The university professor would only support a new, larger rush of purchase by the board members and supervisory boards for the shares of their own companies Dax-Stands around 8,500 points expected. In mid-March, the Dax even hit below 8,300 points.

He had thus lost 40 percent since his all-time high of 13,795 points in February: “At this level, the stock market seems to be favorably valued for many managers,” says Stotz. According to the professor of asset management, private investors should only get back into the market if there are new setbacks.

In the meantime, the Dax, with almost 10,600 points, is again almost 30 percent above its March low and has been “only” 20 percent lower since the beginning of the year. Not only insiders, but investors don’t trust the rally yet. David Lafferty, chief strategist at Natixis Investment Managers: “There is too much optimism priced in the markets”. In his opinion, the negative effects of the corona crisis should occupy the markets for several quarters.
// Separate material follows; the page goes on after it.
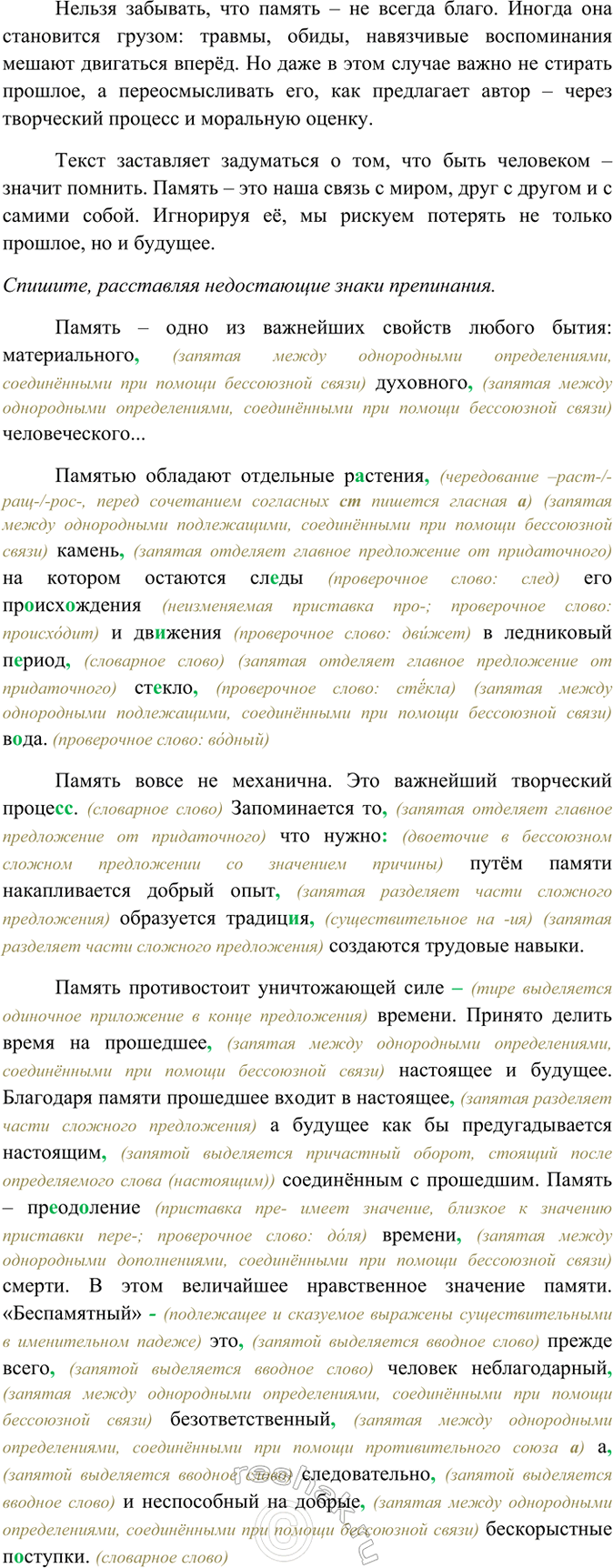 Память противостоит уничтожающей силе – (тире выделяется одиночное приложение в конце предложения) времени. Принято делить время на прошедшее, (запятая между однородными определениями, соединёнными при помощи бессоюзной связи) настоящее и будущее. Благодаря памяти прошедшее входит в настоящее, (запятая разделяет части сложного предложения) а будущее как бы предугадывается настоящим, (запятой выделяется причастный оборот, стоящий после определяемого слова (настоящим)) соединённым с прошедшим. Память – преодоление (приставка пре- имеет значение, близкое к значению приставки пере-; проверочное слово: доля) времени, (запятая между однородными дополнениями, соединёнными при помощи бессоюзной связи) смерти. В этом величайшее нравственное значение памяти. «Беспамятный» - (подлежащее и сказуемое выражены существительными в именительном падеже) это, (запятой выделяется вводное слово) прежде всего, (запятой выделяется вводное слово) человек неблагодарный, (запятая между однородными определениями, соединёнными при помощи бессоюзной связи) безответственный, (запятая между однородными определениями, соединёнными при помощи противительного союза а) а, (запятой выделяется вводное слово) следовательно, (запятой выделяется вводное слово) и неспособный на добрые, (запятая между однородными определениями, соединёнными при помощи бессоюзной связи) бескорыстные поступки. (словарное слово)

Rolf Schäffer, one of the leading macro strategists at Landesbank Baden-Württemberg, sees it similarly: “The markets have currently opted for a rather positive interpretation and consider the glass to be half full.” This half full glass has “but clear” Jumps and could prove to be fragile in the event of further vibrations ”.

The largest insider purchases in the past four weeks show that board members and supervisory boards were more selective than in the first week and a half in March. Purchases were mainly made from companies that underperformed the Dax.

The biggest purchase was – as on March 10th – at Heidelberg Cement. From March 17, the Merckle family of entrepreneurs in particular once again accessed via Spohn Beteiligungs GmbH. The Merckle family is a major shareholder in Heidelberg Cement and often buys millions of shares.

The purchases of more than 70 million euros throughout March are very high even for the Merckle family represented on the Heidelberg Cement supervisory board. The building materials group’s stock fell more sharply than many other stocks and has also recovered less.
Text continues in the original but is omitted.